Defining challenges and understanding the system

Addressing sustainability challenges – together

Halogen

Halogen

A systemic transformation requires that multiple stakeholders share a common understanding of the challenges ahead. By understanding how symptoms and root causes are interconnected it is possible to gain an overview of the systems surrounding these challenges. Here, systemic design offers us several tools to guide this process.

Leverage points

A central aspect of the systemic mapping process is to identify the crucial elements in a system which we can use to promote far-reaching change: we call these leverage points. According to systems thinker Donella Meadows, leverage points are “places within a complex system (…) where a small shift in one thing can produce big changes in everything.”

Finding leverage points is therefore central to transforming a system. Each leverage point is connected to one or more stakeholders, and having the overview of such points can help identify and organise future demonstrators.

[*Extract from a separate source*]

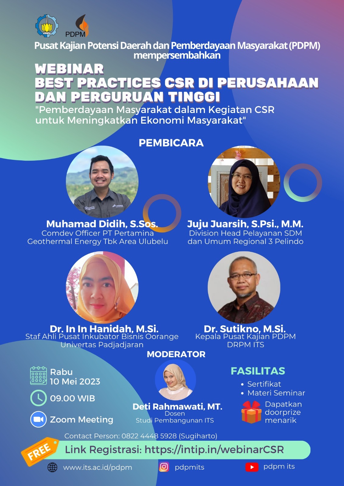 Ikuti Webinar Best Practices CSR di Perusahaan dan Perguruan Tinggi. “Pemberdayaan masyarakat dalam kegiatan CSR untuk meningkatkan ekonomi masyarakat.” Narasumber nya dari praktisi CSR di Perusahaan dan Perguruan Tinggi. 1. Muhamad Didih, S.Sos. Community Development Officer PT. Pertamina Geotermal Energi Tbk. Area Ulubelu. 2. Juju Juarsih, S.Psi., MM. Division Head Pelayanan SDM dan Umum Regional 3 PT. Pelabuhan Indonesia (Pelindo). 3. Dr. In In Hanidah, M.Si. Dosen dan Staf Ahli Inkubator Bisnis Oorange Universitas Padjajaran. 4. Dr. Sutikno, M.Si. Kepala Pusat Kajian Potensi Daerah dan Pemberdayaan Masyarakat (PDPM) ITS. Moderator: Deti Rahmawati, MT. Dosen Studi Pembangunan ITS. Webinar dilaksanakan secara daring pada Rabu 10 Mei 2023. FREE!!! Peserta akan mendapatkan sertifikat dan soft file materi. Oh ya, ada door prize nya juga lho. Yuks segera daftar di link pendaftaran. CP chat WA 0822 4448 5928 (Sugiharto) atau telpon 031-5962271.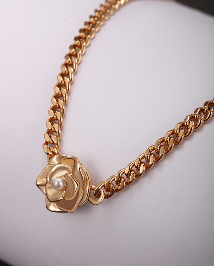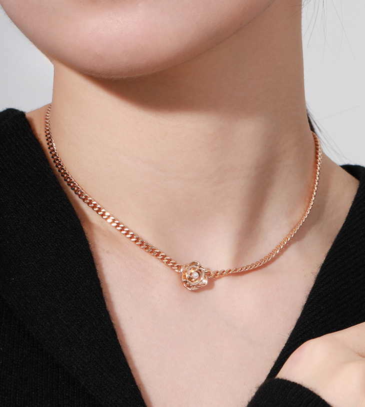 The Camélia Cuban Chain Necklace blends classic structure with soft femininity through a refined camellia-inspired design. Featuring a bold Cuban chain paired with a delicate camellia motif, this necklace creates a unique contrast between strength and elegance.

Donella Meadows describes leverage points on a scale: from those that are superficial to those with a great potential for transformation. Changing mindsets and being able to envision the new system are some of the most transformational leverage points, for example.

Using gigamaps to understand the system

Gigamapping is a central design tool to capture, organise and process information, and to extract insights about a system. A co-created gigamap gives stakeholders a shared picture of the system from different perspectives; political, economic, technical, ecological, cultural, social, and so on. Different kinds of information can exist in a gigamap: from qualitative data, to rich ethnographic accounts of a situation.

Through this mapping process it is possible to define challenges by answering questions about stakeholders, structures, perspectives, goals, and constraints in the system. These maps serve as knowledge base for what is currently happening and to start the discussion on what happens next.

This process is iterative. Iterations of this knowledge base should be done when onboarding new stakeholders in a growing ecosystem as well as during later stages of the process.

Lastly, we use compeling narratives to unpack the complexity of the systems around us in order to communicate the work, gather support and bring new stakeholders into our ecosystem.